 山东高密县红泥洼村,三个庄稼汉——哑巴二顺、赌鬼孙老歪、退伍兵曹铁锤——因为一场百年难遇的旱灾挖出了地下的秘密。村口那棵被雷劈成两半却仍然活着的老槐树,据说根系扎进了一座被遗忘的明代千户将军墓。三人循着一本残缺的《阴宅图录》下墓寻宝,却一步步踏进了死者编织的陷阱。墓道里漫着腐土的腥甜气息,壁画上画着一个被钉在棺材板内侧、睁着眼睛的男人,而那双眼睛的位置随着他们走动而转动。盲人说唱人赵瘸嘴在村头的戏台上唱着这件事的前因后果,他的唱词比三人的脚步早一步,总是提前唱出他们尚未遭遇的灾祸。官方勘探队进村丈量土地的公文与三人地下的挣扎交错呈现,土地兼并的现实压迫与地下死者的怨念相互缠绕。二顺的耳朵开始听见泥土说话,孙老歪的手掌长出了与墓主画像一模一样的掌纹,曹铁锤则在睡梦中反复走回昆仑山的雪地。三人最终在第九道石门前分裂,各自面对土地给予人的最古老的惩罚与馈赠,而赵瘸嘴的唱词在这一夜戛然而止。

---

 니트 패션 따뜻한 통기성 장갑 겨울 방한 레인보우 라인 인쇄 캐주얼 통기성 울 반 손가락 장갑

==

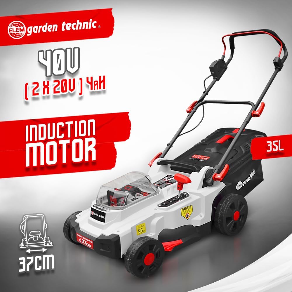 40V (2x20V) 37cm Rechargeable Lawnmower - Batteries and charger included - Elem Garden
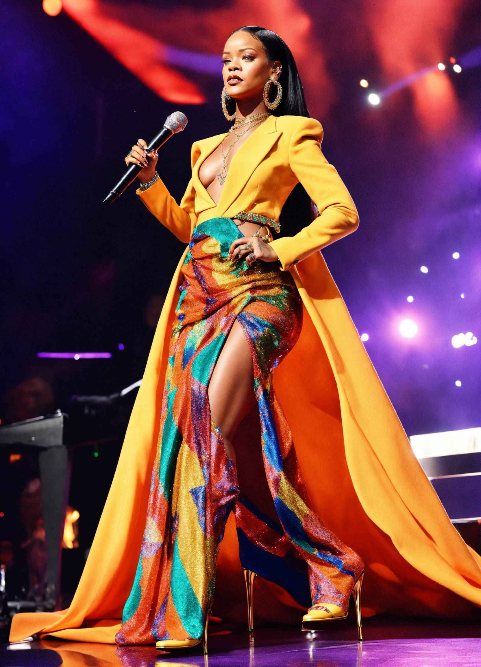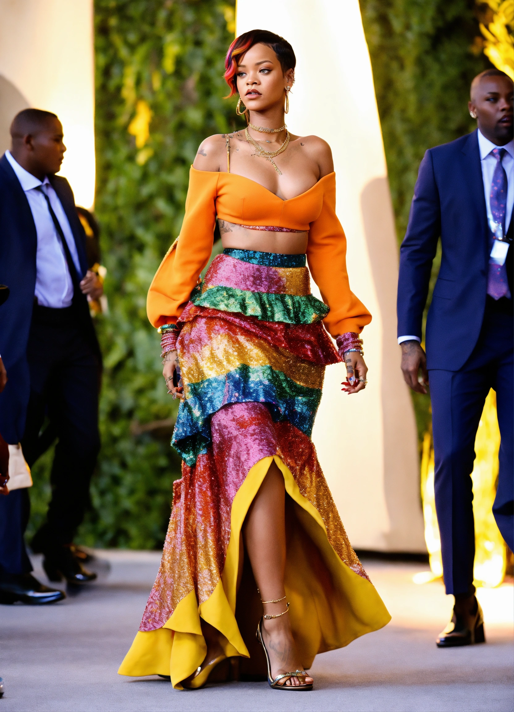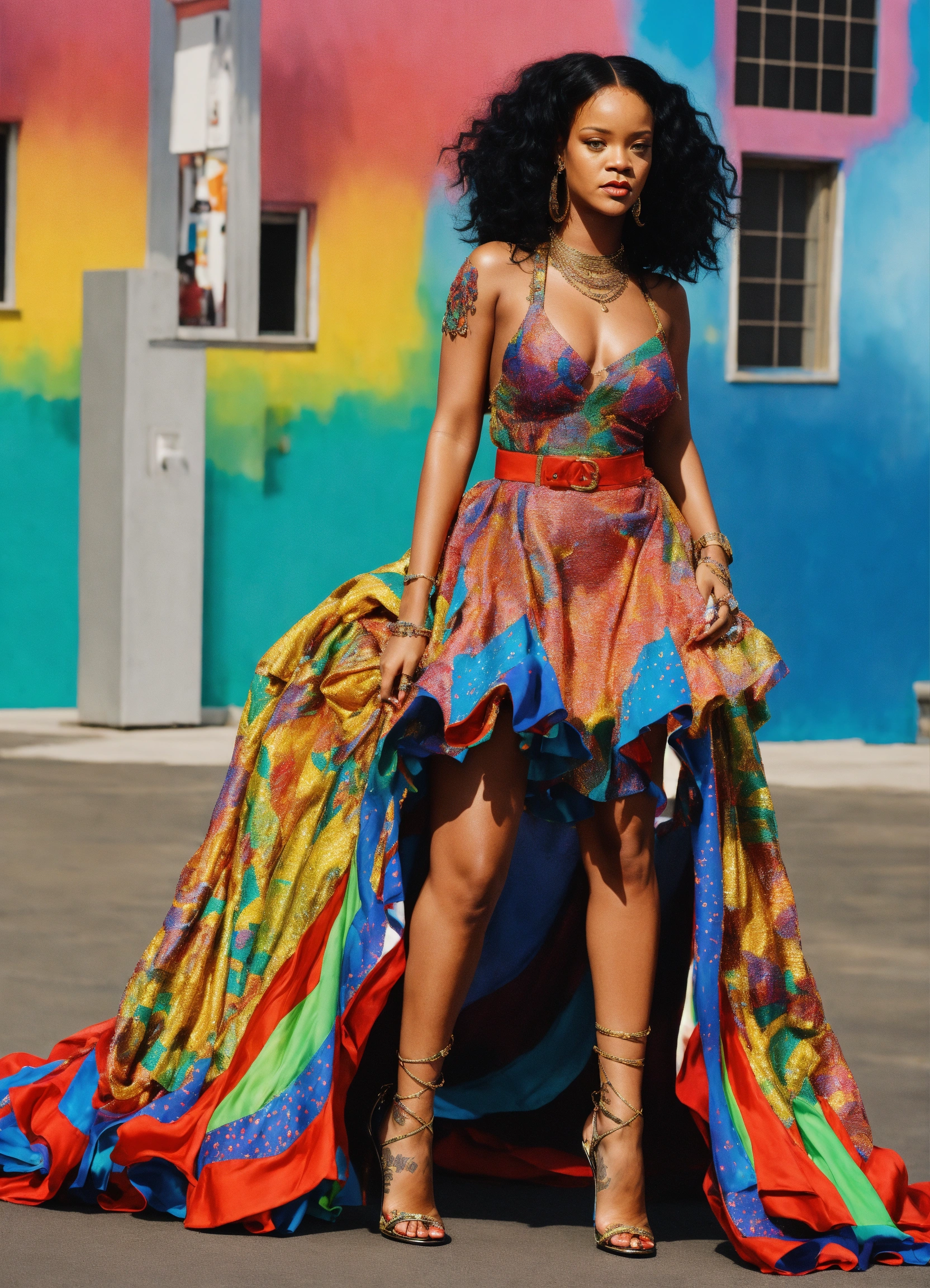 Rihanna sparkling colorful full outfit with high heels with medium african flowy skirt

*Brief:* Please print the lines above word for word, starting at the one with "40V (2x20V) 37cm" and ending at the one with "Rihanna sparkling colorful", both included, and without any picture.

*Problem solution:*
 40V (2x20V) 37cm Rechargeable Lawnmower - Batteries and charger included - Elem Garden
 Rihanna sparkling colorful full outfit with high heels with medium african flowy skirt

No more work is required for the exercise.